Where a picture appears, skip it and copy everything else in the listing exactly.
*-*-*
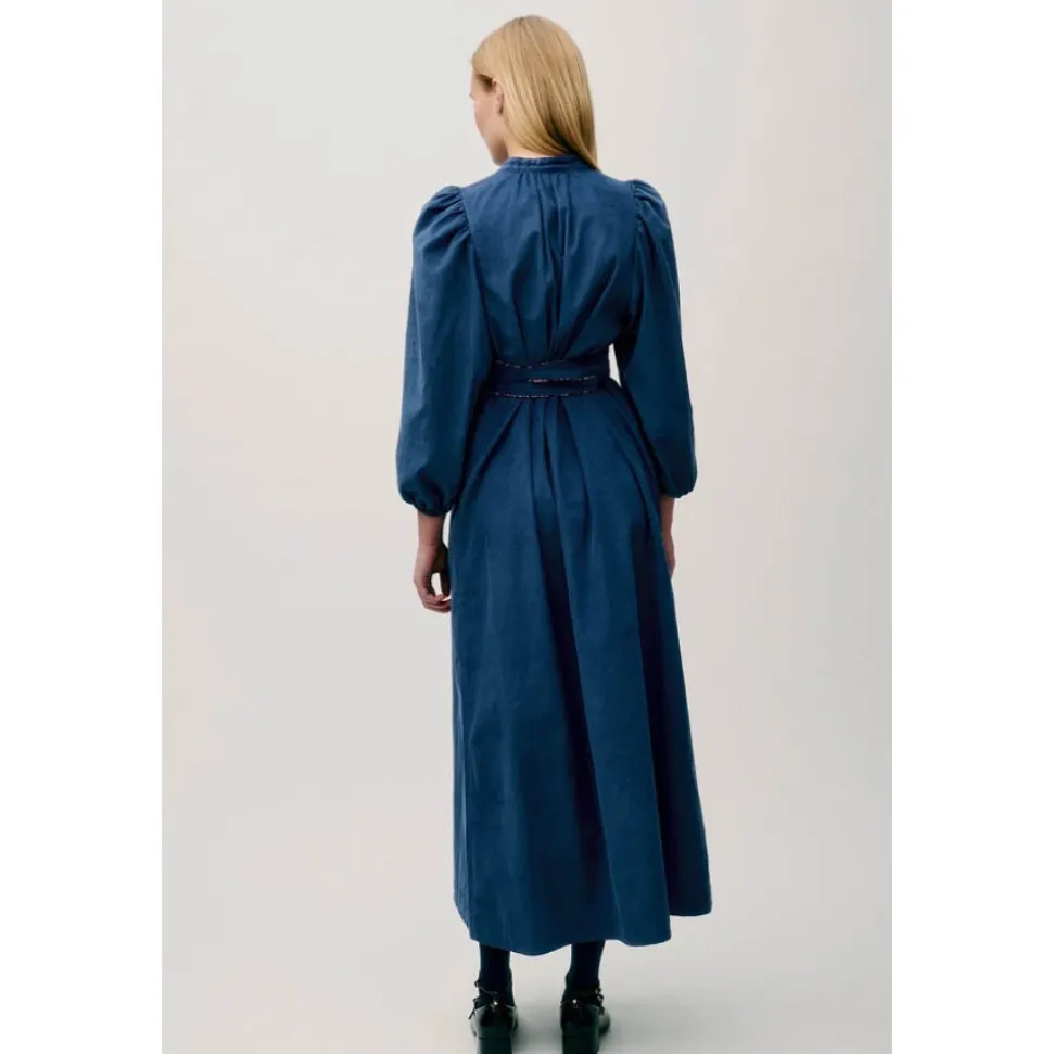 APOF Maya Kleid er en lang babyfløjls kjole i parisisk blå med ballonærmer og en markeret talje – designet til afslappet, efterårsklar hverdagsbrug med subtile skjulte detaljer. Nøgleattributter: Blå | Bomuld | Ballonærmer | Markeret/indsnøret talje | Piping detaljer | Skjult blomsterfor | Midi/lang længde | Blød babyfløjls tekstur | Dimensioner & pasform: Almindelig pasform – passer normalt. | Sammensætning & pleje: 100% Bomuld
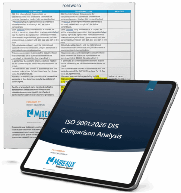 A complete side-by-side comparison of the full ISO 9001:2026 Draft International Standard (DIS) and ISO 9001:2015 including highlighted wording changes, identified new requirements, structural refinements, requirement-level changes and expert commentary.
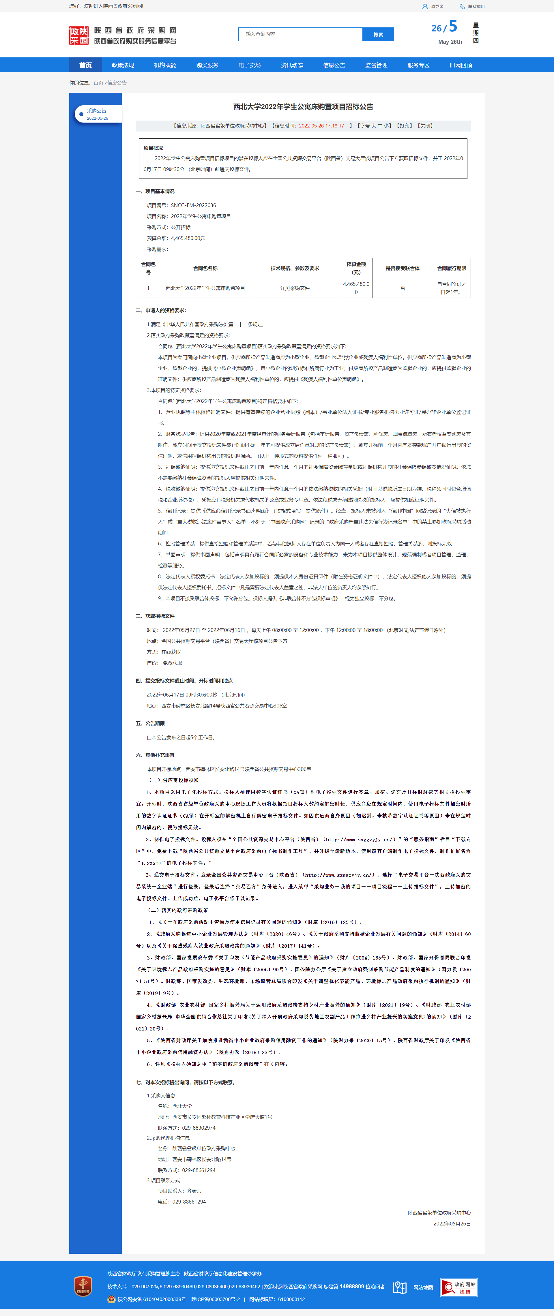 广发体育2022年学生公寓床购置项目招标公告 作者: 编辑:薛利娟 时间:2022-05-26 原公告链接:http://www.ccgp-shaanxi.gov.cn/freecms/site/shaanxi/ggxx/info/2022/8a69c34a80cf8c1d0180d6127e5a14f4.html?noticeType=001011¬iceId=0697247a-dcd5-11ec-9a8e-08c0eb20c666
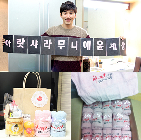 尹继尚的官方粉丝网站“爱人继尚”的会员们来到MBC情景喜剧《High Kick!短腿的逆袭》的拍摄现场,为剧组送上了100人份的夜宵大礼。
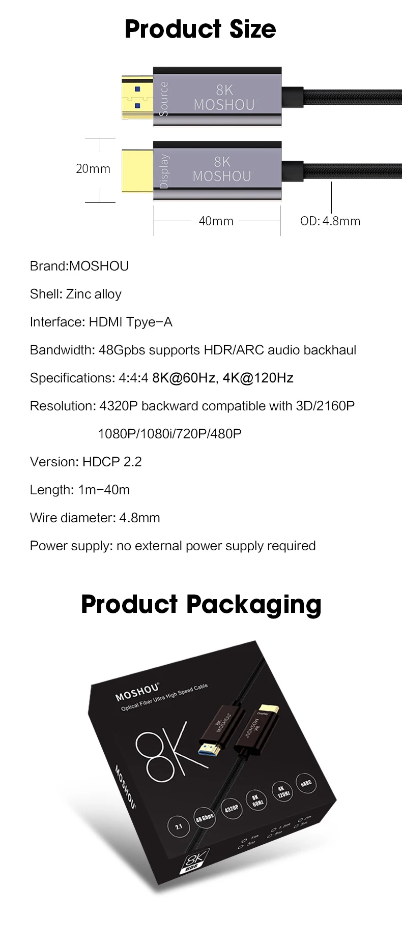 Оптическое волокно HDMI-совместимый 2,1 кабель eARC HDR 8K @ 60 Гц 4K @ 120 Гц оптический Ультра высокая скорость для PS5 RTX 3080 Xbox LG QLED TV
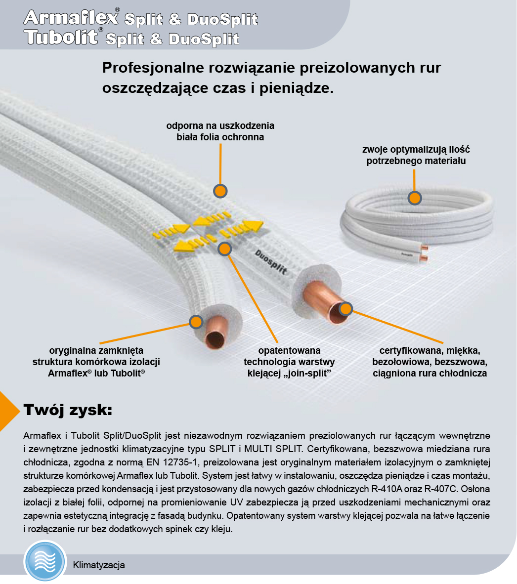 Tubolit Split/ DuoSplit — это надежное решение для изолированных труб, соединяющих внутренние и наружные кондиционеры SPLIT и MULTI SPLIT. Сертифицированная бесшовная медная труба для хладагента, соответствующая стандарту EN 12735-1, с изоляцией из оригинального изоляционного материала Tubolit.
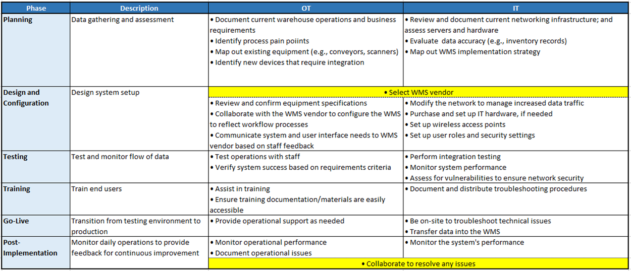 Warehouse Management System (WMS) implementations entail continuous collaboration between both operational technology (OT) and information technology (IT) personnel. It is critical for senior leadership to have a deep understanding of their differences and unique requirements to create the environment for a successful implementation. The IT team’s primary objective is data management, software applications, and cybersecurity while ensuring the integrity and accessibility of data to support business operations. However, the OT team’s core objective is to oversee warehousing processes and devices in the supply chain and material handling industry. OT and IT team collaboration brings operational efficiency and improved productivity, and should be engaged at specific, strategic points throughout a WMS implementation. OT teams should be responsible for defining functional needs. IT teams are essential for determining technical success. See the OT/IT engagement throughout the various WMS implementation timeline phases in the table below:
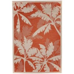 DELADECO Tapis Plat Pour Terrasse Et Intérieur Floral Ferrare Orange 135×190 – Orange
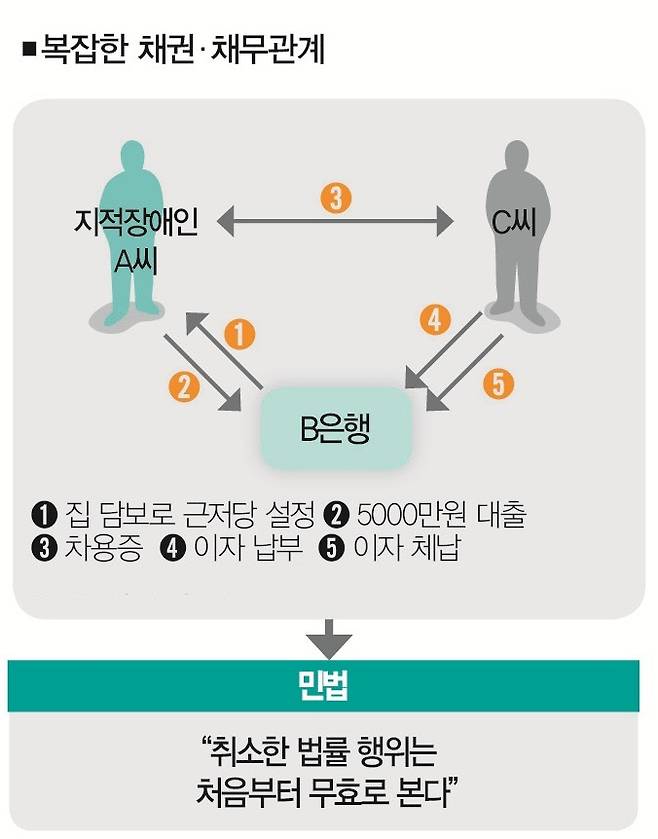 A씨는 대출거래 약정, 근저당권 설정의 법률적 의미와 책임을 합리적으로 판단할 수 있는 정신적 능력이 없었다. 이에 따라 대출거래약정과 근저당권 설정계약은 의사능력이 없는 상태에서 체결된 것으로 무효다. 계약이 무효면 법률효과가 발생하지 않는다. 이미 행위가 이뤄진 상태라면 법률상 원인이 없는 것으로 간주돼 부당이득이 된다. B은행으로선 근저당권설정등기를 말소해야 한다는 거다.
*-*-*
**Solution to the problem**.
 APOF Maya Kleid er en lang babyfløjls kjole i parisisk blå med ballonærmer og en markeret talje – designet til afslappet, efterårsklar hverdagsbrug med subtile skjulte detaljer. Nøgleattributter: Blå | Bomuld | Ballonærmer | Markeret/indsnøret talje | Piping detaljer | Skjult blomsterfor | Midi/lang længde | Blød babyfløjls tekstur | Dimensioner & pasform: Almindelig pasform – passer normalt. | Sammensætning & pleje: 100% Bomuld
 A complete side-by-side comparison of the full ISO 9001:2026 Draft International Standard (DIS) and ISO 9001:2015 including highlighted wording changes, identified new requirements, structural refinements, requirement-level changes and expert commentary.
 广发体育2022年学生公寓床购置项目招标公告 作者: 编辑:薛利娟 时间:2022-05-26 原公告链接:http://www.ccgp-shaanxi.gov.cn/freecms/site/shaanxi/ggxx/info/2022/8a69c34a80cf8c1d0180d6127e5a14f4.html?noticeType=001011¬iceId=0697247a-dcd5-11ec-9a8e-08c0eb20c666
 尹继尚的官方粉丝网站“爱人继尚”的会员们来到MBC情景喜剧《High Kick!短腿的逆袭》的拍摄现场,为剧组送上了100人份的夜宵大礼。
 Оптическое волокно HDMI-совместимый 2,1 кабель eARC HDR 8K @ 60 Гц 4K @ 120 Гц оптический Ультра высокая скорость для PS5 RTX 3080 Xbox LG QLED TV
 Tubolit Split/ DuoSplit — это надежное решение для изолированных труб, соединяющих внутренние и наружные кондиционеры SPLIT и MULTI SPLIT. Сертифицированная бесшовная медная труба для хладагента, соответствующая стандарту EN 12735-1, с изоляцией из оригинального изоляционного материала Tubolit.
 Warehouse Management System (WMS) implementations entail continuous collaboration between both operational technology (OT) and information technology (IT) personnel. It is critical for senior leadership to have a deep understanding of their differences and unique requirements to create the environment for a successful implementation. The IT team’s primary objective is data management, software applications, and cybersecurity while ensuring the integrity and accessibility of data to support business operations. However, the OT team’s core objective is to oversee warehousing processes and devices in the supply chain and material handling industry. OT and IT team collaboration brings operational efficiency and improved productivity, and should be engaged at specific, strategic points throughout a WMS implementation. OT teams should be responsible for defining functional needs. IT teams are essential for determining technical success. See the OT/IT engagement throughout the various WMS implementation timeline phases in the table below:
 DELADECO Tapis Plat Pour Terrasse Et Intérieur Floral Ferrare Orange 135×190 – Orange
 A씨는 대출거래 약정, 근저당권 설정의 법률적 의미와 책임을 합리적으로 판단할 수 있는 정신적 능력이 없었다. 이에 따라 대출거래약정과 근저당권 설정계약은 의사능력이 없는 상태에서 체결된 것으로 무효다. 계약이 무효면 법률효과가 발생하지 않는다. 이미 행위가 이뤄진 상태라면 법률상 원인이 없는 것으로 간주돼 부당이득이 된다. B은행으로선 근저당권설정등기를 말소해야 한다는 거다.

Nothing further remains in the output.